By Pam Dickhaus
I'm setting out to find myself……Such was the sentiment I wanted under my senior picture in my high school yearbook. "Several" years later, I'm still trying to do just that (and we won't go into the meaning of "several").
The 23 Days Find Your True Self Challenge opened my eyes to some things that may have been a little lacking in my life. One is spending more time with my family and friends doing activities we enjoy. Some of that is a little hard to do since one of my children lives too far away. But the other child is in the same town with me and I am setting a new goal of spending more quality time with him.
Another thing that was evident throughout the challenge is that I need to be creating more, whether it be writing, Zentangle-inspired art, doodling or coloring, I need to do it and I want to. In essence, I need to play, experience that freedom I had as a child to relieve some of the pressure of adult life.

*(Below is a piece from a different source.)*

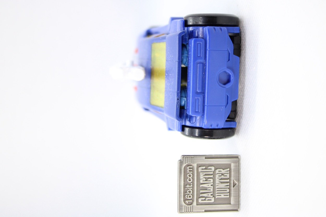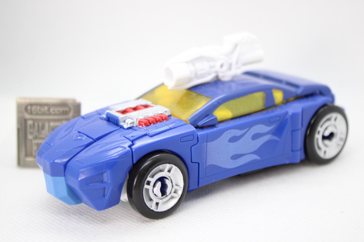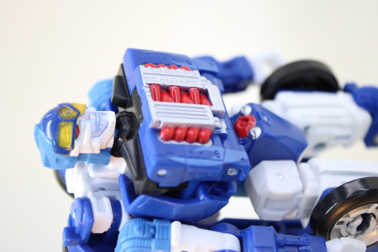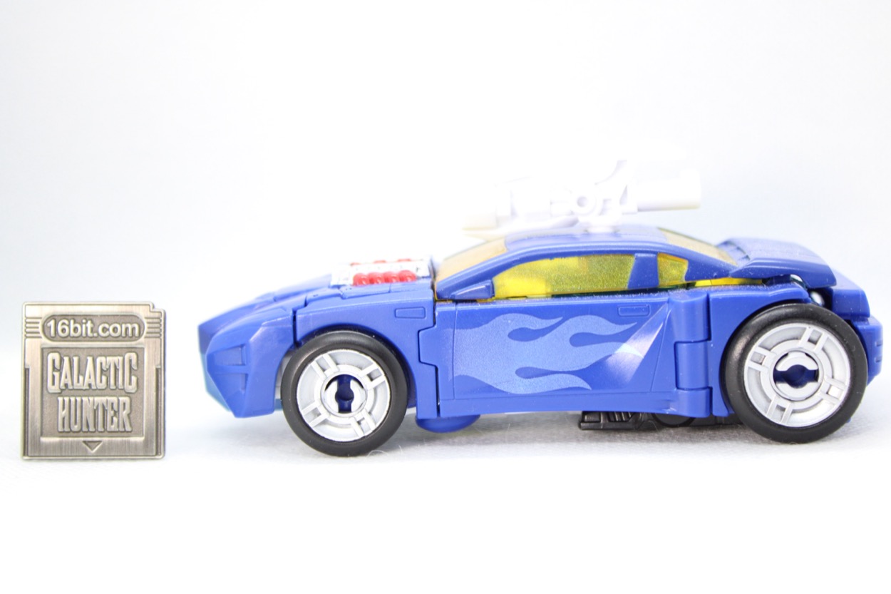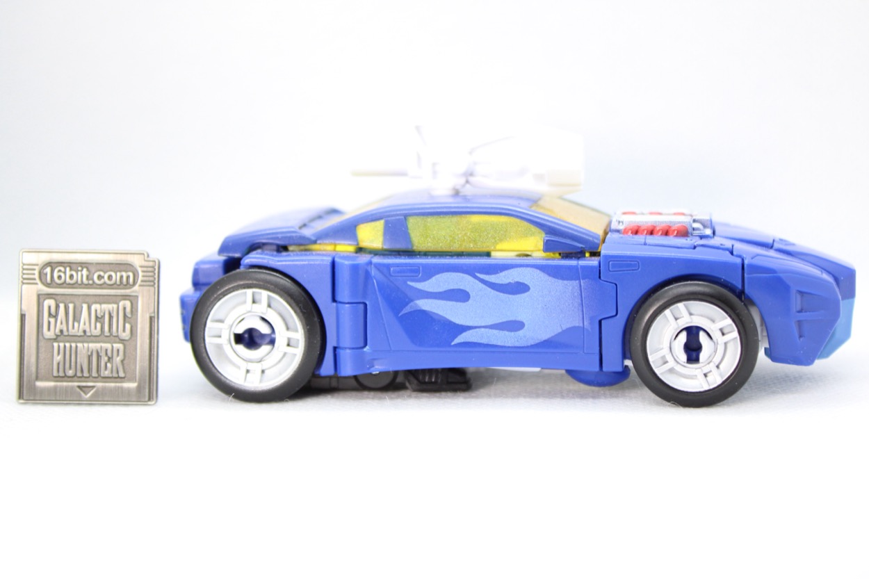 The car mode looks absolutely nothing like a Dodge Viper, as I am sure nobody wanted a call from Legal. The broad strokes of the design are similar, with those glittery yellow windows and some blue flames - but they're very different blue flames. The exposed engine evokes the original without being identical, and the car mode itself shares the blue - but not much else. The design is its own thing, and while I don't dislike it I doubt it will satisfy fans wanting an improved remake of the original toy from over 20 years ago. It's fun, sturdy, and I daresay probably a better overall toy for the adult fan wanting a robot on their shelves. But for those demanding toy and/or anime accuracy, I don't know what to even suggest as a good option for future designers. The original design had some pretty unsightly kibble, and it was a bit of a chore to transform. This one streamlines a lot, but it might not look exactly right. It's a trade-off, but I think if I had to do it over and only pick one toy? This might be the better option available today.

I also learned that my inner critic is holding me back. "You aren't good enough to do that"; "you'll never make it"; "you're too stupid." The talk in my head tries to stop the creativity with some things I learned as a child as well. It seems I got the message somewhere that I should just do the easy stuff or take the easy road and not reach out, grab my dreams and go with them where they take me. I also learned that I don't have to be "perfect". Everybody has flaws and makes mistakes. I found that I am more compassionate and understanding with others than myself. I don't give myself enough credit and I am probably too hard on myself.
But, I am not stupid and I have to learn to push that critic aside and just do. When that thing pops up, I can tell it to my journal and channel away from it. I discovered I don't like my inner critic much. If it was actually a physical entity, a baseball bat might come in handy.
Some of the exercises in this challenge were a little difficult, like describing how I think people see me, what I project to them. At first I thought "I don't give a hoot what others think" but I do. However, I learned that I don't have to let that undermine my goals and dreams. Although I still feel "not quite good enough"; "not dressed well enough" I have to turn to my journal and work through it because it really doesn't matter what others think as long as I am comfortable with who I am, being kind and compassionate and always working towards my goals.
What a challenge! It was a little tough but it was well worth it to discover things I can do to make changes and I would recommend this journaling challenge to all. Every one of Mari's challenges has helped me gain a little more ground on where I want to go and what I want to be. Yes, they may just be baby steps right now but didn't we all start out with baby steps? We didn't get up and just walk after we learned to crawl. It should be no different as an adult.
ABOUT
Pam Dickhaus: I am a former journalist, having worked as a correspondent for a large metro paper in another part of my state and as a general assignment reporter for our local paper. I have been doing creative writing in the form of poetry and short stories for most of my life. My most recent job was at a residential mental health crisis center, working as a Mental Health Technician. Currently, I am pursuing work from home in the form of blogging jobs and making and selling some of my craft items. In my spare time, I write, play in my art journal, do Zentangle, and make handcrafts. I work part-time delivering newspapers.
I live in Wyoming with my kitties. My two children are grown and moved out on their own and have blessed me with four grandchildren.
I use spiral notebooks and old hardcover books that I alter for journals and art journals and write in longhand for the most part. I am also in the process of writing several novels, as well as my memoir, geared toward self-help.